We all want to find the answer to the questions “Why do the righteous have to suffer?” and “Why do bad things happen to good people?” But even though Job doesn’t give us the answer to these questions, there are lessons to be learned.
Lesson #1 - Suffering is a mystery. We experience it, but we don’t understand it. We face the pain as courageously as we can, but our greatest, and only, desire is that it would just stop and go away! And the answer to “Why?” never seems to come. Eventually the pain may subside, but we can never forget it and we will never understand it.
Lesson #2 - Evil exists in this world in many forms and it comes at us in unanticipated ways. Most of the time, we can do little to gain relief from the evil, but our faith calls us to believe that God is still in control and that in the end, he will triumph gloriously. Evil is, but so is God.
Lesson #3 - The Adversary exists, he is real, and he is responsible for all of the sin and pain and tragedy and loss that befalls us. We may never understand why he must be, but he is. We may never understand why he must do, but he does.
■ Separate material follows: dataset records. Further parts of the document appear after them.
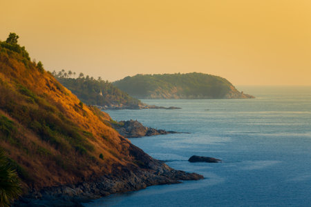 Beautiful natural sunset landscape of the coast and sea on the top view point of Promthep Cape in Phuket, Thailand
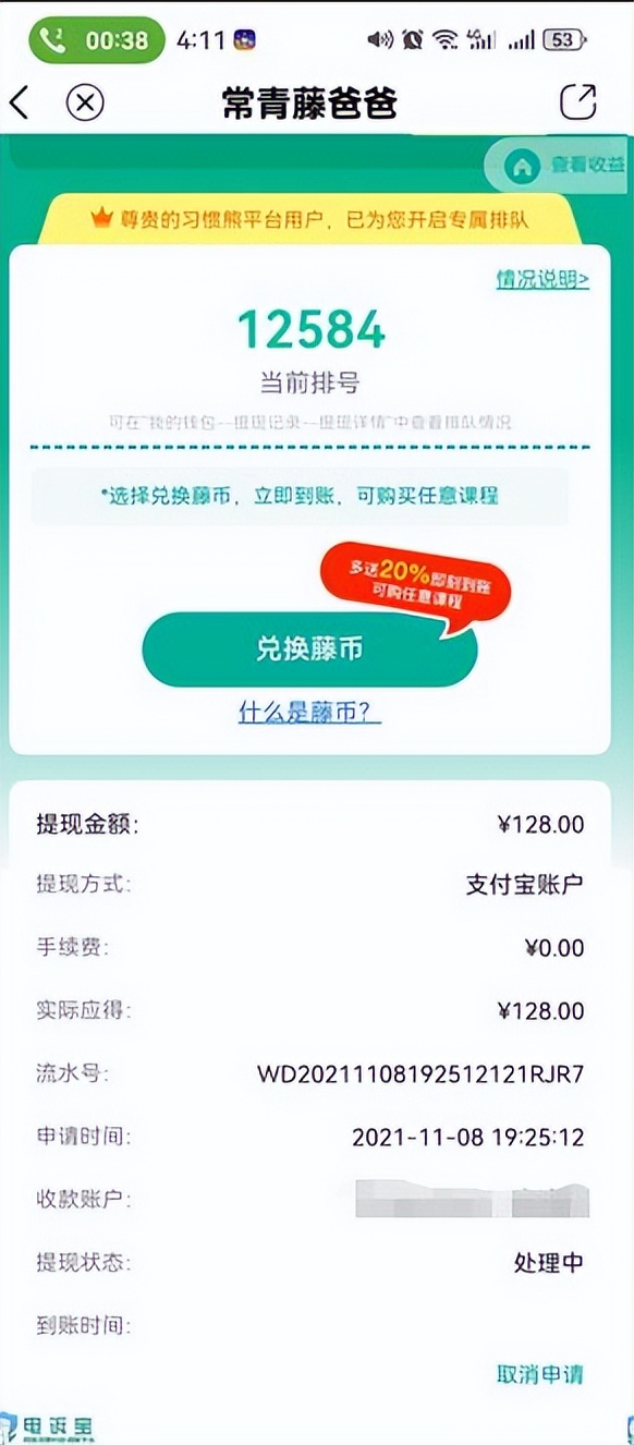 4月22日,劉女士向“電訴寶”投訴稱其於2021年5月16日在常青藤爸爸APP購買“動畫版親子英文課打卡返現課”,並於同年10月19日完成所有打卡任務並提交返現申請。然而,截至2025年7月,提現申請仍處於排隊狀態,平台顯示前方尚有4760人等待處理,且四年間排隊進度幾乎無變化。用户多次聯繫客服,均被以“需排隊”為由敷衍推諉,未提供具體返現時間表或合理解決方案。用户認為平台利用無限期排隊機制惡意佔用資金,涉嫌虛假宣傳及欺詐消費者,要求常青藤爸爸立即履行返現承諾,並呼籲監管部門介入調查,防止更多消費者權益受損。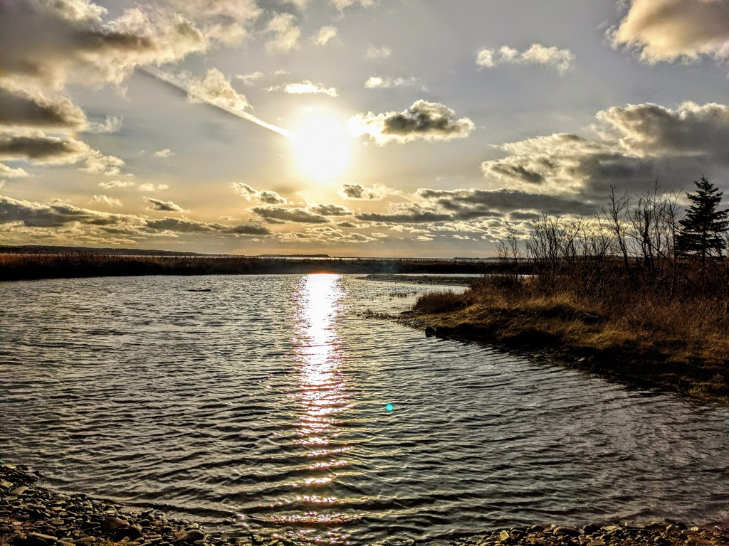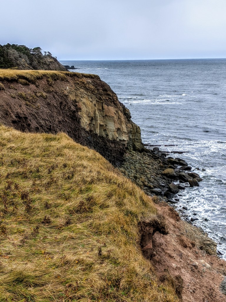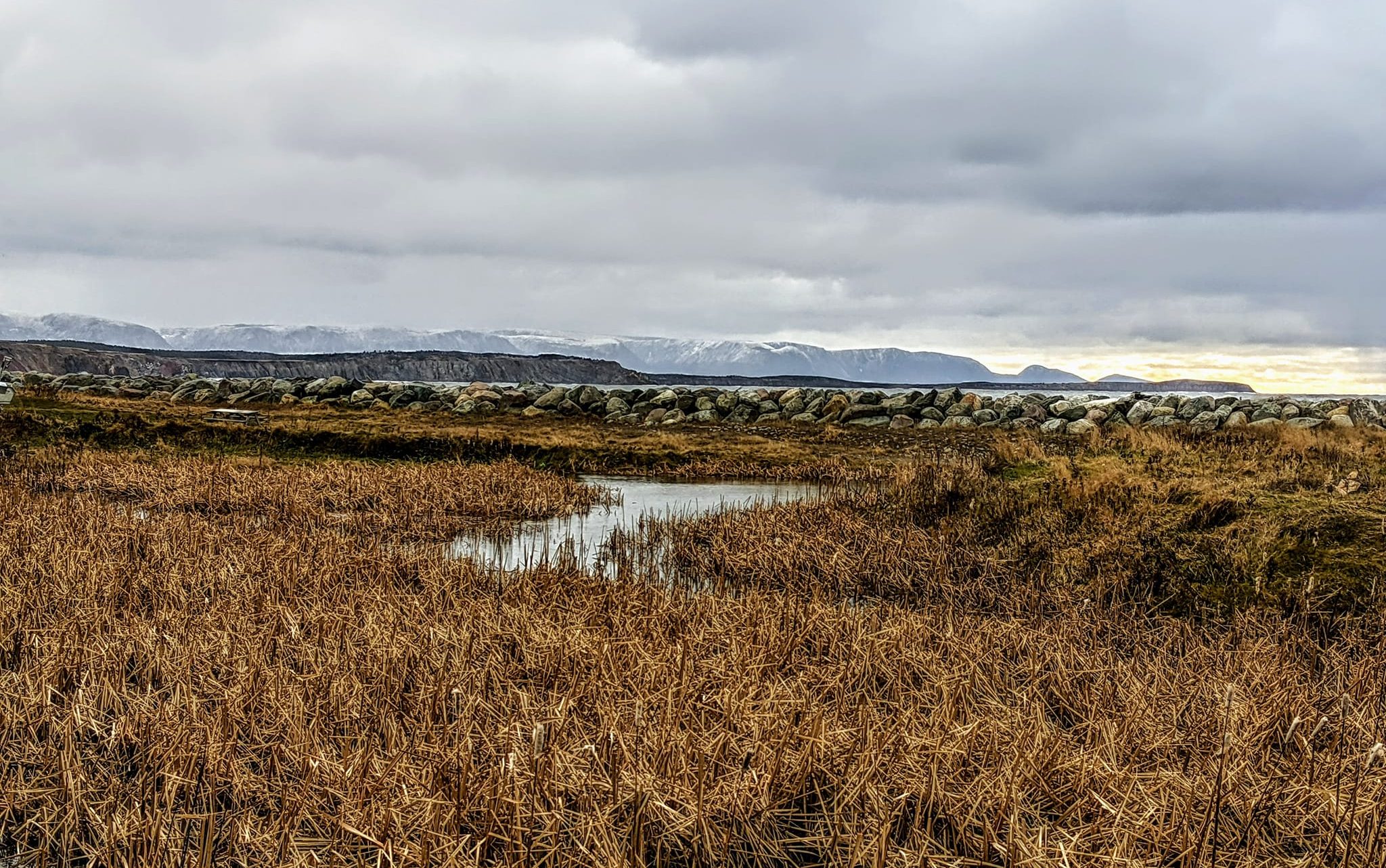 Hiking View of the Long Range Mountains & Point Rosee from Codroy Harbour. Along the shore at Codroy Costangs Trail Brooms Brook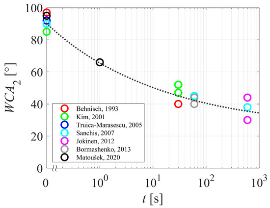 The WCA reported in different articles of PE samples after plasma treatment versus the plasma treatment time. The dotted curve is for eye guidance. References: [28,29,30,34,36,38,40].

We may never understand why our loving and compassionate and merciful God would give us over to this evil, but it happens.
The one thing we must always understand and never forget, though, is this: that our God is God, and The Satan is not; that our God creates and blesses, but the Satan cannot; that our God gives but the Satan only takes away; that one blessed day, our God will be all that there is, and that The Satan will be no more.
Faith can never fully explain the origins of evil, but faith knows that ultimately, evil will not win. And Job had some friends who would come to help him to understand his situation, but that’s a topic for next week.
For today, know that God is God, and that he is our God. Job knew that, and it kept him strong every day of his life – through the good times as well as in the whirlwind. Know that the Lord is always there for us, too.